The report, commissioned by US payment infrastructure company Stripe and conducted independently by research firm Viga across 15 markets, found Australia’s businesses are spending more on regulatory and compliance issues than their overseas rivals, and spending capital that is affecting global expansion plans.
It found Australian businesses are slower than Asian and European counterparts when it comes to global growth, with 66 per cent of Australia’s online businesses selling abroad compared to 88 per cent in Hong Kong and Singapore.
A total of 39 per cent of Australian businesses said it is harder to operate in multiple countries now compared to five years ago, with those businesses identifying government tariffs (49 per cent), taxes (48 per cent), regulatory barriers (44 per cent) and high business expenses (44 per cent) as the top barriers to operating abroad.
The research found 28 per cent of Australian online businesses selling internationally spend an estimated $68,000-$139,000 a year on compliance and complex regulatory issues, with a further 29 per cent spending between $139,000 and $689,000.
“Outdated financial and regulatory barriers are still slowing down innovation and growth for online businesses, but it’s no longer an option to make plans to expand internationally in one, two, or five years,” said Stripe’s Australia and New Zealand boss, Mac Wang.

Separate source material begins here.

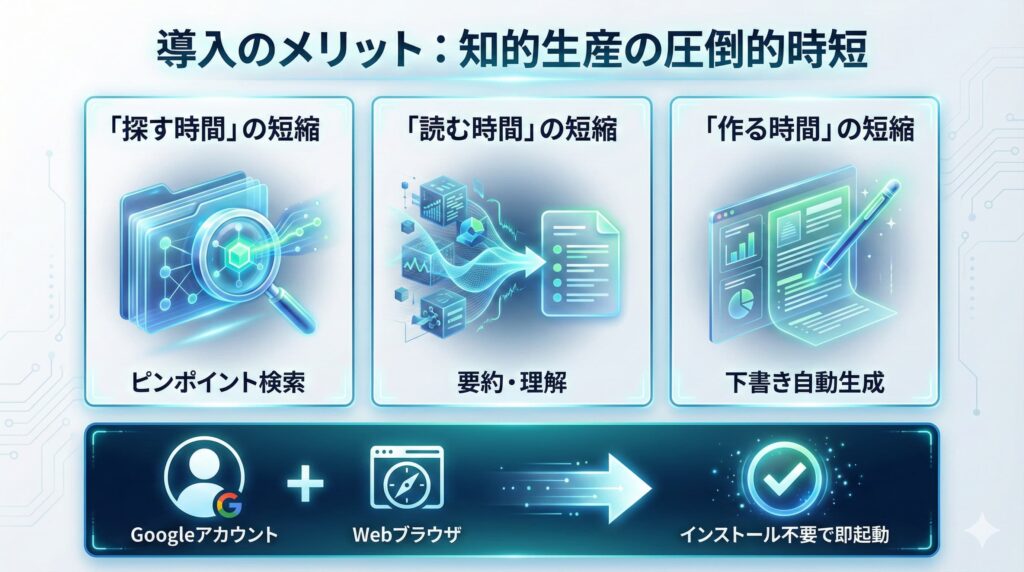 「探す時間」の短縮: フォルダの奥底にあるPDFや、長い動画の中の「あの情報」を、AIがピンポイントで探し出してくれます。

Stripe, which offers an “Atlas” program allowing companies from anywhere in the world to incor- porate in the US for $500, last year raised $US245 million ($340m) in a Series E funding round valuing the company at $US20 billion.

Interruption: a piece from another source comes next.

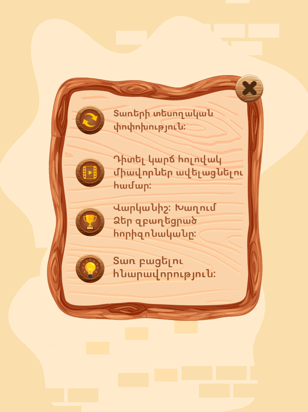 "Gtir bary - baraxax"- Armenian puzzle, it will help you think faster and more flexibly. How to develop agility, remember forgotten words and learn a number of new literary words. If you find any mistakes in the game, write to our e-mail address:

The firm’s co-founder, John Collison, who in 2016 with brother Patrick became the world’s youngest self-made billionaire at 26, said he wanted debate around tariffs and immigration to focus on intangible goods such as those produced by the tech industry.
“Intangible goods and intangible capital tend to fall outside the usual discussions,” he said.
“All the discussion focuses on things like aluminium, and not, for example, intellectual capital across borders. We’re seeing a glo- bal trend towards closed borders … and a slight dip towards nationalism and things like that.
“What gives me hope is there is one real long-term direction, and that’s towards more mobility, more opportunity for people and more global integration. There’s been some setback but the longterm trends are pretty strong and, with the internet, physical location becomes slightly less relevant.”
Australian start-up Vinomofo’s co-founder, Justin Dry, told The Australian red tape had often proved a hurdle, especially when trying to enter overseas markets.
“One of the major challenges we’ve faced when entering new markets is local regulatory environments,” Mr Dry said. “The US is a perfect example. Legislation affecting the sale of alcohol … is a combination of federal, state and local laws. Add to this that taxes are state-based and collected and you have a very complex landscape. In some territories, a local director is required, which has its challenges, and the ‘know your client’ process can be relatively onerous.
“Finally, the interpretation of local liquor laws in relation to an overseas-operated entity has been challenging at times as we’re often setting the precedent by being the first international player in the online wine retail space.”